29 Mar GOODBYE HARD DISKS, DNA HAS ARRIVED
Is DNA the hard disk of the future? One gram of DNA has a capacity of 215 petabytes!
As the amount of information in the world doubles annually, the technology we use today to store digital data, such as USB or hard disk, could soon go into oblivion. The scientists are developing new data storage technology, and a fenomenal solution comes in the form of DNA molecule.

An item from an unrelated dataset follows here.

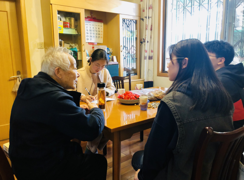 在古朴简单的住处,精神矍铄的徐树铭爷爷热情的接待了年轻党员们,徐老师对年轻党员的到来十分高兴,热情的分享起了属于他的入党故事。从土地改革到改革开放,从1949年加入中国共产主义青年团一直到1985年1月11日成为中共预备党员,回忆起那段过往,徐老师仍是感慨万千。35年的入党申请之旅很漫长,这期间他一直坚持递交思想汇报,积极同优秀的党员榜样学习、交流,寻求思想和工作上的不断进步。谈起党的时候,徐老师的眼中有着别样的光彩。最后他对青年党员说:“我们应该更加重视思想上入党,我们不能想着党员的身份能为我们带来什么,而是我们能为他人做什么,要始终记住为人民服务。”

What makes DNA highly suitable gatekeeper for information is its density and stability, and the ability to save large amounts of data for thousands of years. Regardless of its length, a strand of DNA has four basic components: adenine, thymine, guanine and cytosine (A, T, G, C). If we assign the bases T and G value 1, and A and C value 0, then a large DNA strand becomes a binary memory record. In this way, DNA nucleotides become elements of digital system for data storage which can be read by DNA sequencing. Theoretically, it is estimated that one gram of DNA has a capacity of about 215 petabytes (215 million gigabytes). In this way, all the digital data that is created by humanity could fit in one room of DNA.
For now, the biggest problem is reading data storage by sequencing DNA. It is estimated that the cost of this process will fall more than 100 times in the next year and that the DNA will become the primary method for long-term storage of large amounts of data.